Records for this task —
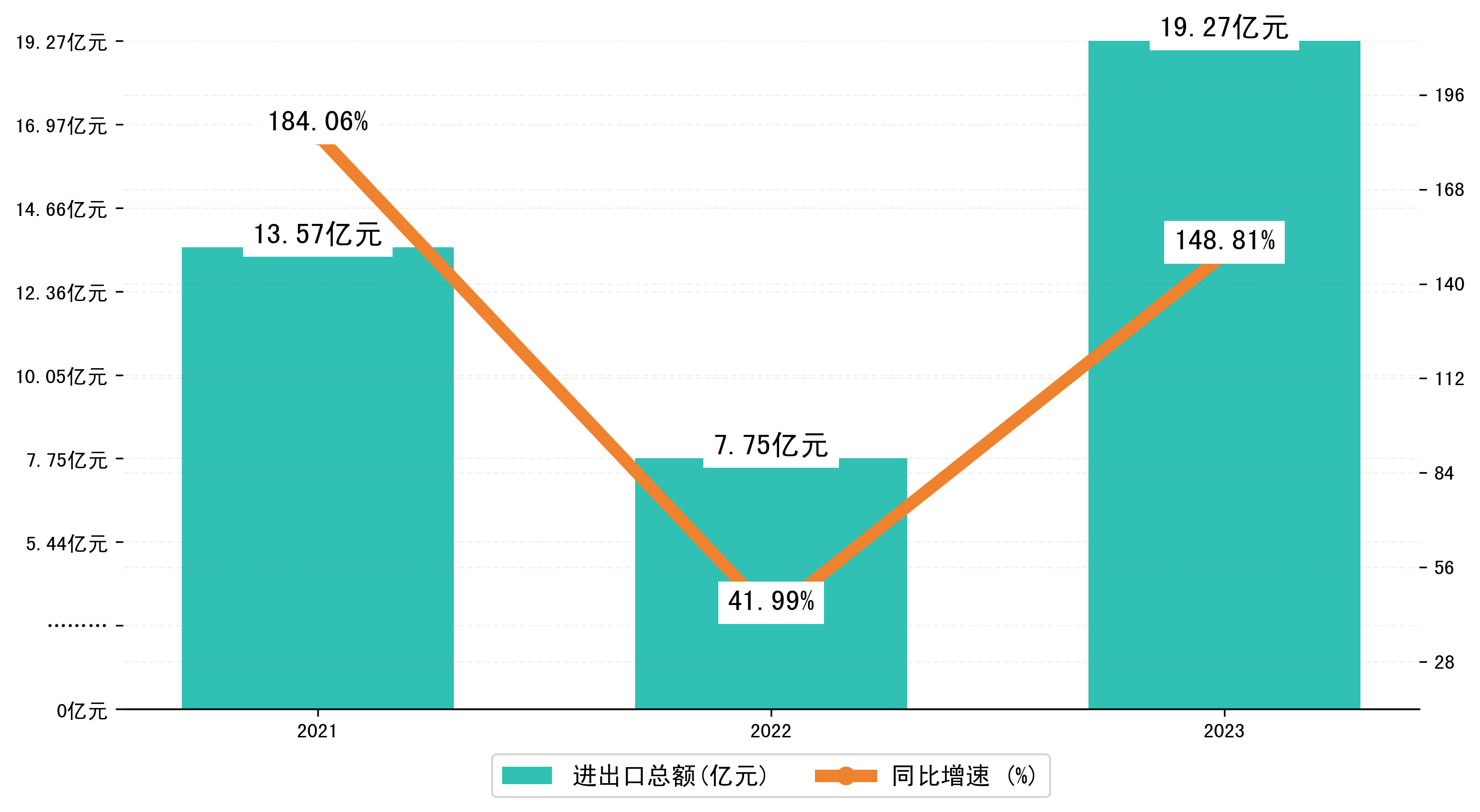 以美元计,2023年1-6月汉中市进出口总额为2,8018.9803万美元,相比上年同期增加了1,6069.2088万美元,同比增加223.80%。
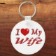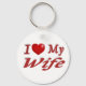 Corta-chave com o coração da minha esposa em texto vermelho 3D. Correntes de chave redondas e quadradas disponíveis em vários estilos.
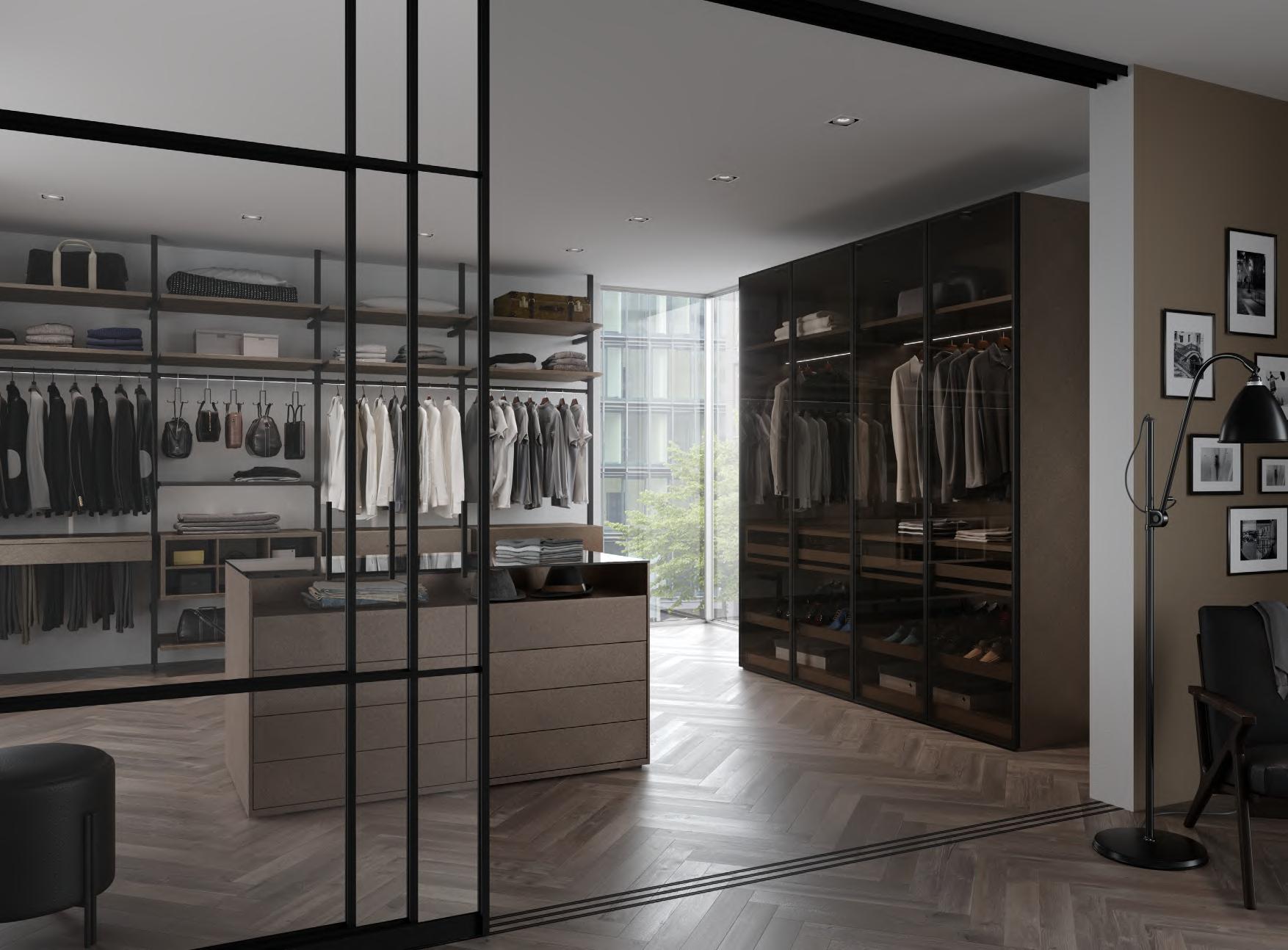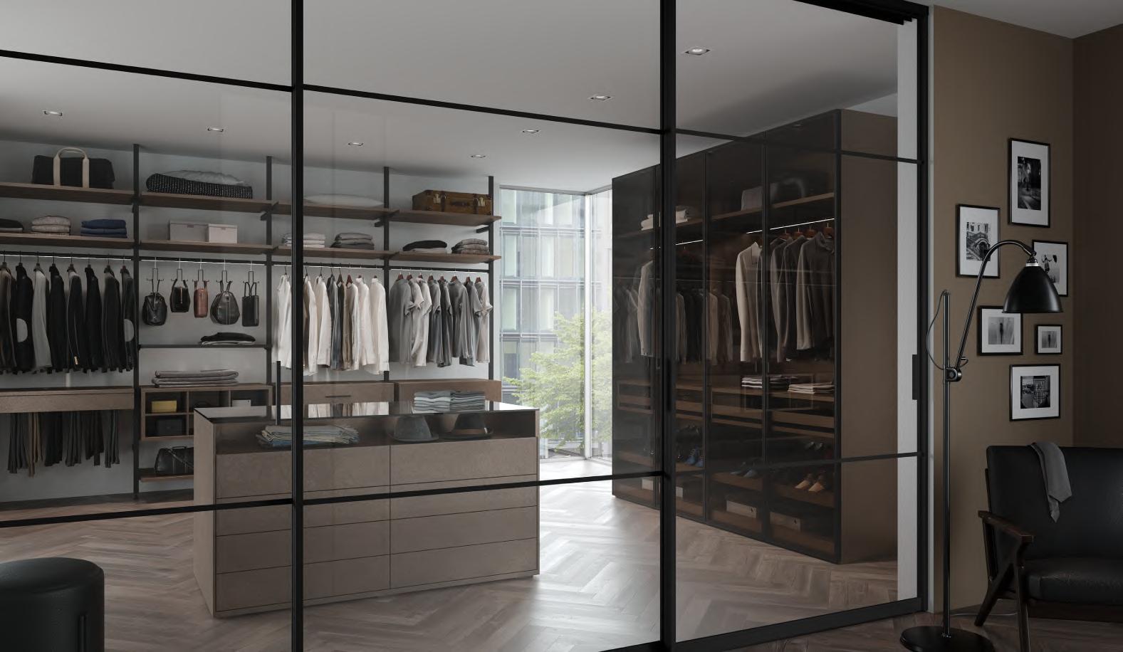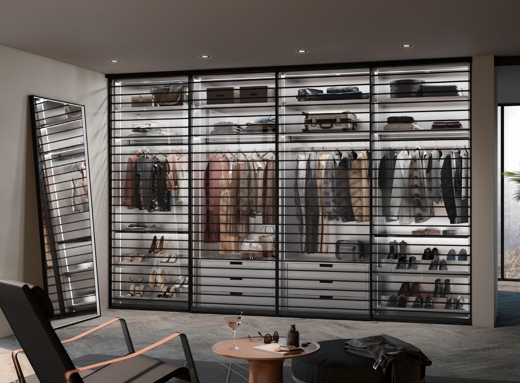 Here you‘ll always keep an eye on things, because clothes, shoes and accessories will find tailor-made storage space that keeps everything within reach and in top shape at all times. With cleverly structured space, it´s no art to keep the order once defined. The result can always be seen – most beautifully through our elegant sliding doors with clear glass panels.
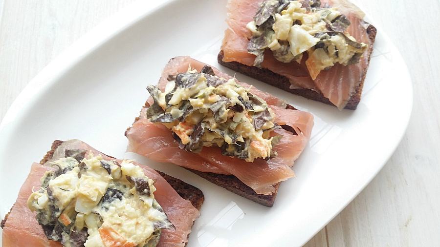 2. Cubrimos cada rebanadita de pan de centeno y miel Gerblé con un trocito de salmón ahumado y encima le colocamos una cucharadita de la mezcla anterior.
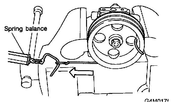 4. Loosen oil pump pulley nut, then remove bolts which secure alternator.
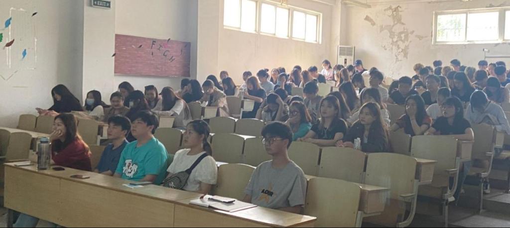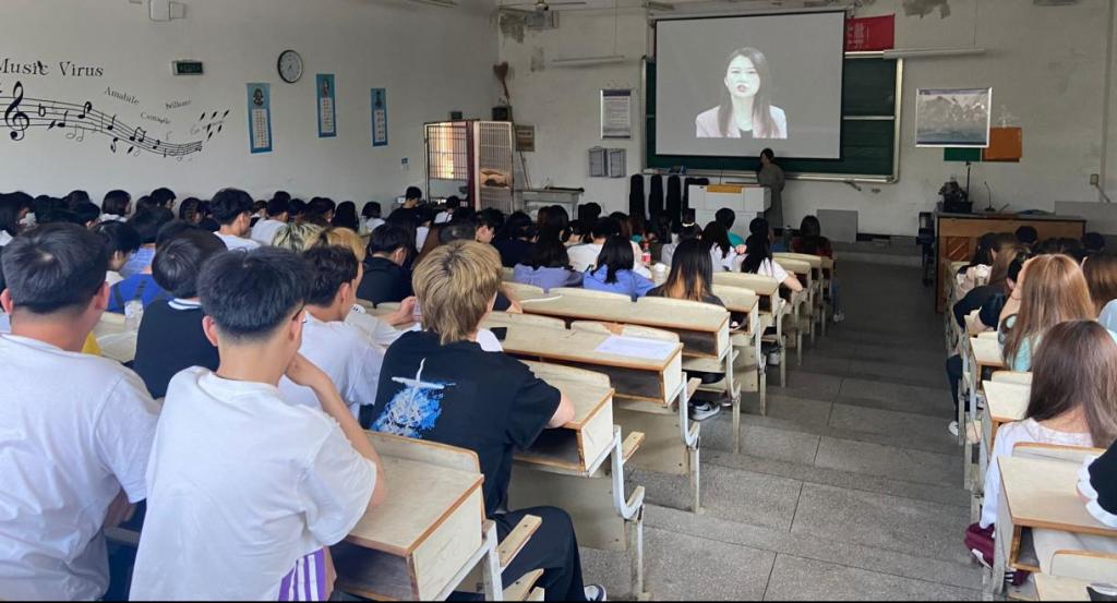 组织学生在艺术楼107教室观看“同上社会主义发展史思政大课”,辅导员卢星参与集体上课。
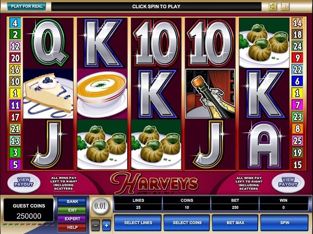 Отведать изысканные морские деликатесы своих уважаемых посетителей приглашают популярнейшие рестораны – именнто такова тематика игрового автомата под названием «Harveys». Разработали этот увлекательный, красочный, а самое главное щедрый автомат, специалисты известной компании Microgaming. Производитель программного обеспечения Микрогейминг всегда предлагает игрока достойные слоты. Вероятно, они были убеждены в том, что игроки не смогут устоять перед вкусной пищей и обязательно обратят внимание на их творение. Даже самое дорогое блюдо, например, устрицы с шампанским, вы можете заказать в ресторане, куда отправитесь вместе со слотом «Харви». Оплата чисто символическая – вращение барабанов.
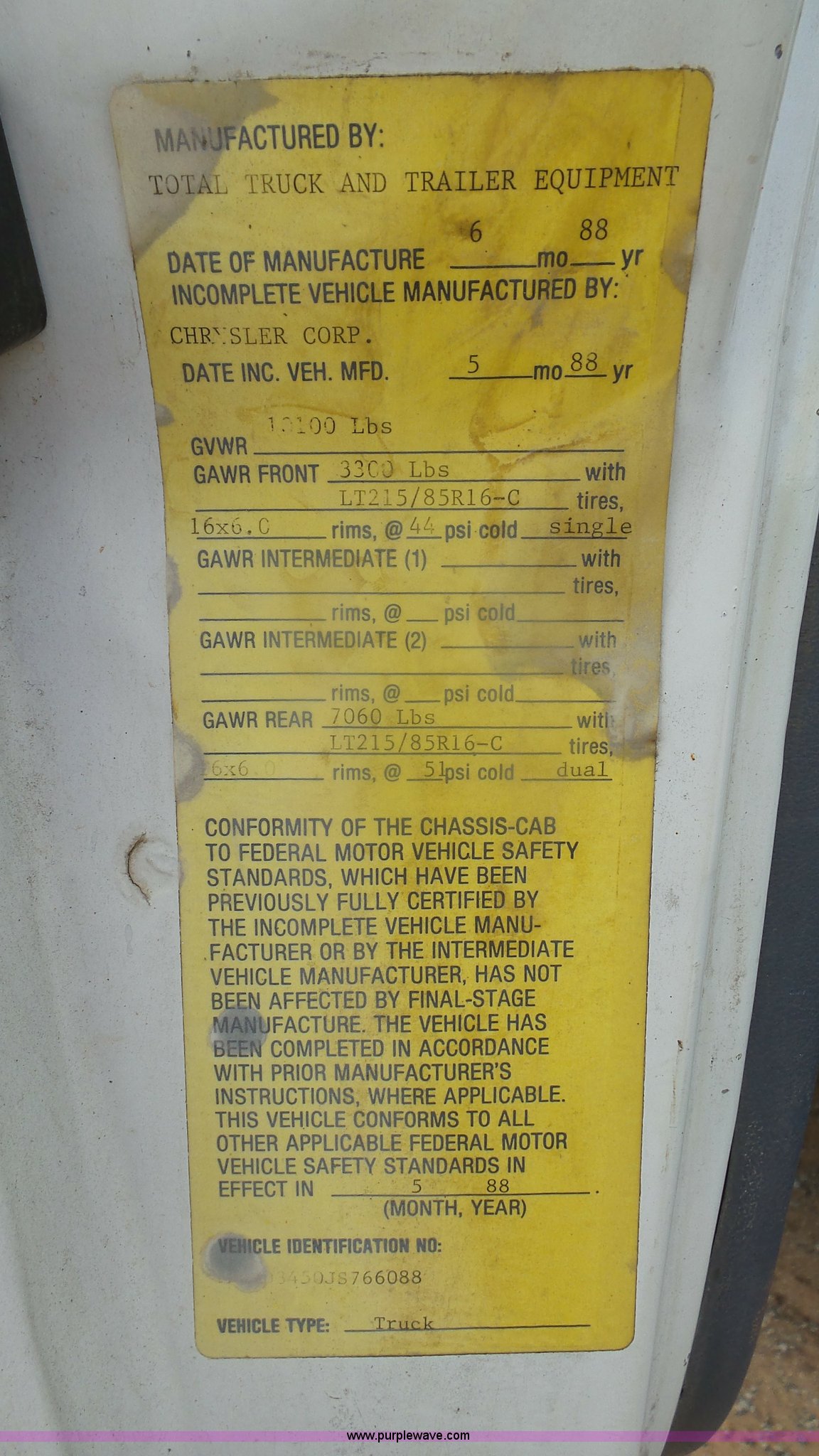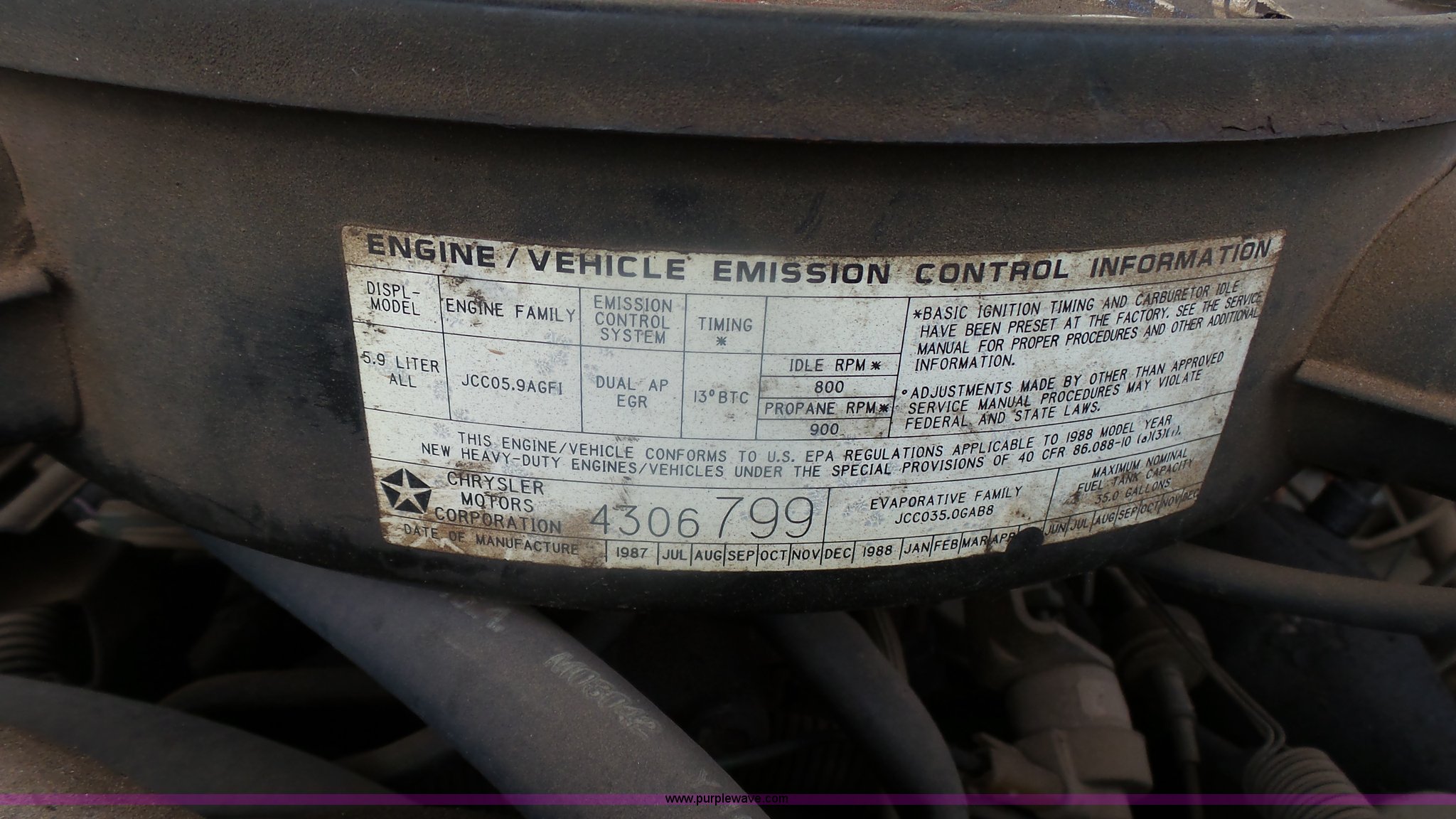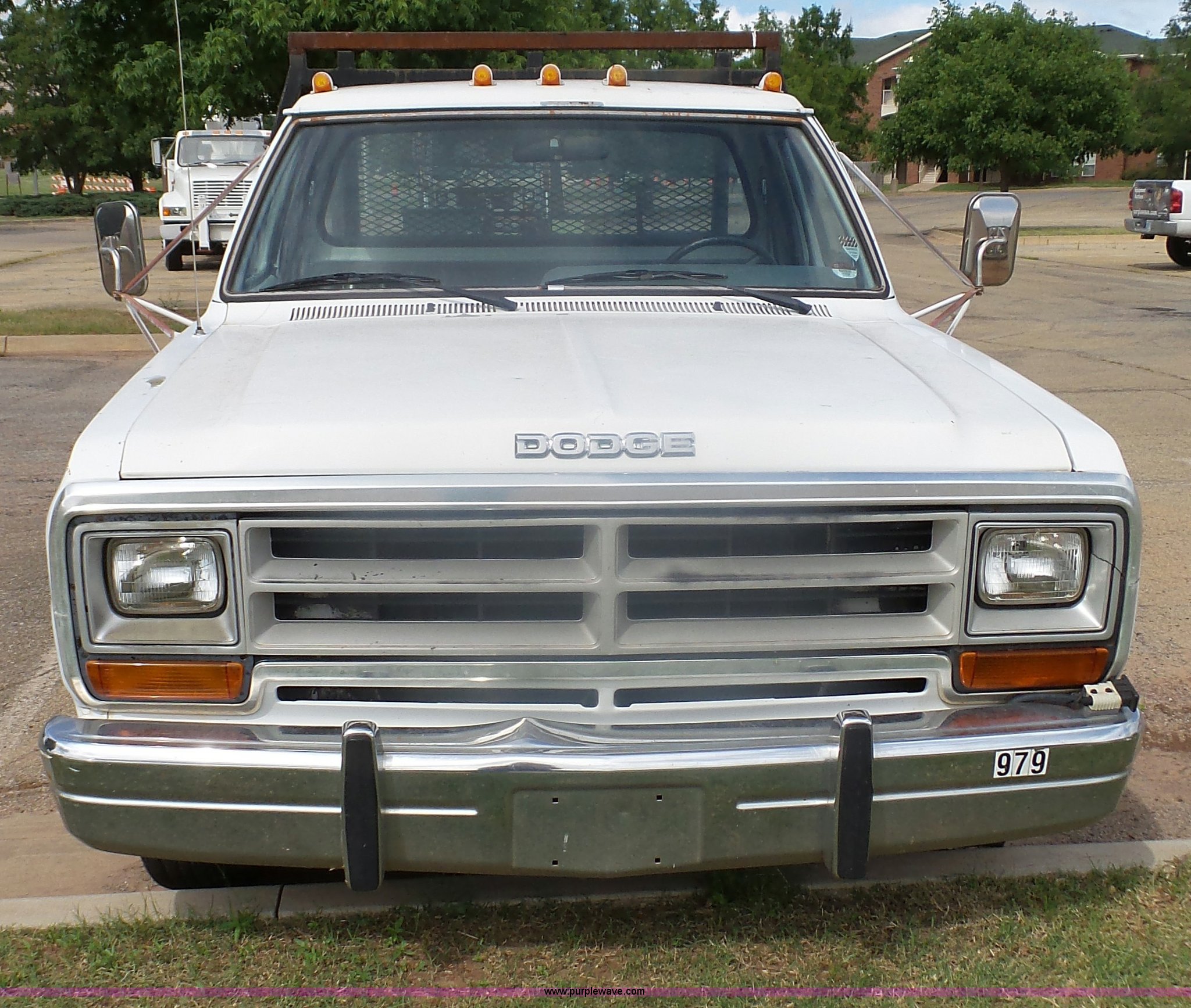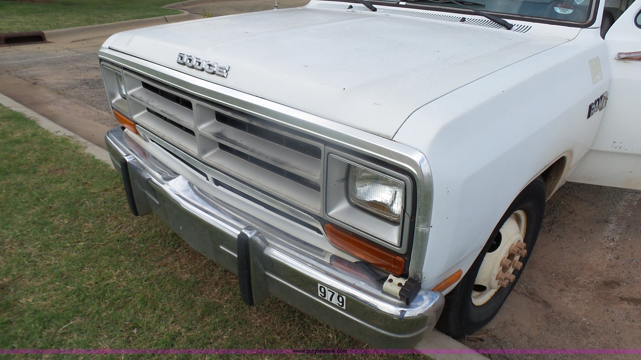 Purple Wave is selling a used 3/4 or 1 Ton Pickup or Van in Oklahoma. This item is a 1988 Dodge D350 flatbed pickup truck with the following: 68,537 miles on odometer, 5.9L V8 gas engine, Automatic transmission, AC and heat, AM/FM/CD, Manual windows and locks, Vinyl interior, 8'L x 89"W flatbed, 235/85R16 tires, Sale# 1702KP, Unit# 979

The task — Beginning with the line holding "2. Cubrimos cada" in the material above, restate word for word each line through the line holding "组织学生在艺术楼107教室观", and exclude pictures.

Your solution —
 2. Cubrimos cada rebanadita de pan de centeno y miel Gerblé con un trocito de salmón ahumado y encima le colocamos una cucharadita de la mezcla anterior.
 4. Loosen oil pump pulley nut, then remove bolts which secure alternator.
 组织学生在艺术楼107教室观看“同上社会主义发展史思政大课”,辅导员卢星参与集体上课。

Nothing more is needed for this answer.